El controvertido descubrimiento de América propiciaría la presencia en Europa del chocolate, la vainilla, el maíz, el azúcar de caña, el tomate y la papa; mientras las rutas de los mercaderes desde Asia y África, cuyos recorridos estuvieron por mucho tiempo marcados por las adversas condiciones de enormes recorridos, abruptos accidentes naturales, rigores del clima y hostigamiento de enemigos y bandidos, permitieron el acceso a la canela, la pimienta, la nuez moscada y el anís. Dicho sea de paso, ¿qué se harían las muy fortalecidas cocinas europeas, verdaderos patrones de la excelencia, si las humildes naciones americanas, africanas y asiáticas comenzaran a reclamar su patria potestad o la propiedad intelectual respecto a frutos, especias y prácticas aportadas a las antropologías gastronómicas del Viejo Mundo y al patrimonio culinario universal?

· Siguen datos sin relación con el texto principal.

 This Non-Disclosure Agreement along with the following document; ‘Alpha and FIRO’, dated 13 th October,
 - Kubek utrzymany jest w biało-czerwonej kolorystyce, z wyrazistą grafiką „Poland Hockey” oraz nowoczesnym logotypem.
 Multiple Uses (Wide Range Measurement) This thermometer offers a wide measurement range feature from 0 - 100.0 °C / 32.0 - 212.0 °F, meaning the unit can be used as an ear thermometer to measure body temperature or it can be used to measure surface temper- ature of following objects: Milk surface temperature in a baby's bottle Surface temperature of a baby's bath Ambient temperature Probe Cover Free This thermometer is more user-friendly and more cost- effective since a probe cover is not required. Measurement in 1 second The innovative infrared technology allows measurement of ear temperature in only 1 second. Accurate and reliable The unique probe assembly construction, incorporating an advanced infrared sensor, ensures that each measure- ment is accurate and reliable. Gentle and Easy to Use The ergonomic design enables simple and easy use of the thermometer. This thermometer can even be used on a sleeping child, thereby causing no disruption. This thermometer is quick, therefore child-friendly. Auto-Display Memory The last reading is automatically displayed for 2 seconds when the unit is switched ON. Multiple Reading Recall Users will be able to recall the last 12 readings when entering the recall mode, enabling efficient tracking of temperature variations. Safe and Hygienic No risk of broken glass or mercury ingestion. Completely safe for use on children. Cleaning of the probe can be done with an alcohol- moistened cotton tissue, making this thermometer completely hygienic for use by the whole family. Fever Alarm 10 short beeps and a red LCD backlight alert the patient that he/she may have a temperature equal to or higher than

La cocina italiana, amén de recurrente solución a la problemática alimentaria acaecida a comienzos de la década del 60 del siglo XX, fue asentándose progresivamente entre las preferencias cotidianas del paladar cubano, al igual que ocurriría en la mayor parte del mundo. Y con similar cronología, los suministros importados de los países de Europa del Este —antiguo campo socialista— introdujeron nuevas percepciones respecto a las cocinas eslavas y euroasiáticas, también asimiladas por la aceptación criolla.

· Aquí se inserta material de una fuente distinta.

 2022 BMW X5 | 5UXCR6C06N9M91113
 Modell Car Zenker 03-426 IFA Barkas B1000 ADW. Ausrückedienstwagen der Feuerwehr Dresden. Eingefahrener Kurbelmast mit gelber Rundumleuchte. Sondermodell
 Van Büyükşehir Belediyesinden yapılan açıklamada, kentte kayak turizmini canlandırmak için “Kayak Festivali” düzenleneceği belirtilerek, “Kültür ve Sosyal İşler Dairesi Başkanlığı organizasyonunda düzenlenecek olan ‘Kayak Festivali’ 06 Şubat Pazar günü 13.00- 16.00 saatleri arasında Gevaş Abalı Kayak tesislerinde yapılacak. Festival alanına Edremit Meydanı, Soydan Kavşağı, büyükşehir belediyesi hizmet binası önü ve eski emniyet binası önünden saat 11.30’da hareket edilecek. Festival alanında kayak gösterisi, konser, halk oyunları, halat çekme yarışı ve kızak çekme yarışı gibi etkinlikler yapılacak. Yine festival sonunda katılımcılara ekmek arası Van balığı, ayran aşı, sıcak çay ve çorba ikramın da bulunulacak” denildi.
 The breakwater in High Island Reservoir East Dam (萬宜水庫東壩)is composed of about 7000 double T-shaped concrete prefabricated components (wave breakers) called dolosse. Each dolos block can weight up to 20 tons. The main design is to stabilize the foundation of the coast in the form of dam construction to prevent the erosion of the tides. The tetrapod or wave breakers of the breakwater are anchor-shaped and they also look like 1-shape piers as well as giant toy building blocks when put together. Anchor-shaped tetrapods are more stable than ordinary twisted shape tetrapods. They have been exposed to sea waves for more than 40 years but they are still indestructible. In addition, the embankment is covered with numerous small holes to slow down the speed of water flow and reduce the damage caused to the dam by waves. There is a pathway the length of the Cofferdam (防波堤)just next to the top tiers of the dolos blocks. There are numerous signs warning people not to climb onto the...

En reiteradas ocasiones y escenarios, el Chef Gilberto Smith Duquesne, mentor de todos los cocineros cubanos, señalaba que “la cocina cubana constituía un importante rubro cultural exportable”. Y nada más cierto, no sólo como parte del producto turístico integral del país, a través del imprescindible acto de comer y beber que presupone atender al visitante.

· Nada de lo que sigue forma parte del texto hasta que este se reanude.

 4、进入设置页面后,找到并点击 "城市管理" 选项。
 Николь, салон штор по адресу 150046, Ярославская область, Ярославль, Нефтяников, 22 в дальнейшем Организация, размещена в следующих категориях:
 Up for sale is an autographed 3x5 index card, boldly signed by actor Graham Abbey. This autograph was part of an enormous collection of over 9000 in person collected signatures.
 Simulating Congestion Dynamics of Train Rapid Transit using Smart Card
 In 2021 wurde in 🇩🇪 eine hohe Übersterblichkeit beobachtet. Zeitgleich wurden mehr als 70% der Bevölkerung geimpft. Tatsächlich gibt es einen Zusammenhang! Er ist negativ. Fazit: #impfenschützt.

 Imposible concluir estas referencias histórico-culturales de la gastronomía sin mencionar el ron, el tabaco y el café, que secularmente han acuñado la gallardía de nuestra nación.

DE LAS INFLUENCIAS AL REPLANTEO DE LA TRADICIONALIDAD

Con igual sentido que otras manifestaciones del arte, así ha venido ocurriendo con la cocina cubana. Para una mejor comprensión de este fenómeno, vale mencionar algunos ejemplos ilustrativos: Wilfredo Lam logró en su pintura un cubismo (movimiento artístico de vanguardia, surgido durante las primeras décadas del siglo XX, en Francia) sincretizado con los íconos afrocubanos; Benny Moré se apoyó en el formato musical de las jazz-band norteamericanas para enaltecer la sonoridad criolla; y las producciones del naciente Instituto Cubano de las Artes e Industrias Cinematográficas (ICAIC) estuvieron marcadas, en sus inicios, por el neorrealismo italiano y la “nueva ola francesa” hasta que un grupo de creadores se dieron a expresar nuestras realidades con un discurso estético propio.

Cambiar, como inevitable vía para preservar y sin detrimento de la autenticidad, representa una divisa imprescindible para la industria de la hospitalidad cubana. La variedad ya comienza a ser norma obligatoria en medio de una revolución gastronómica que los tiempos actuales reclaman.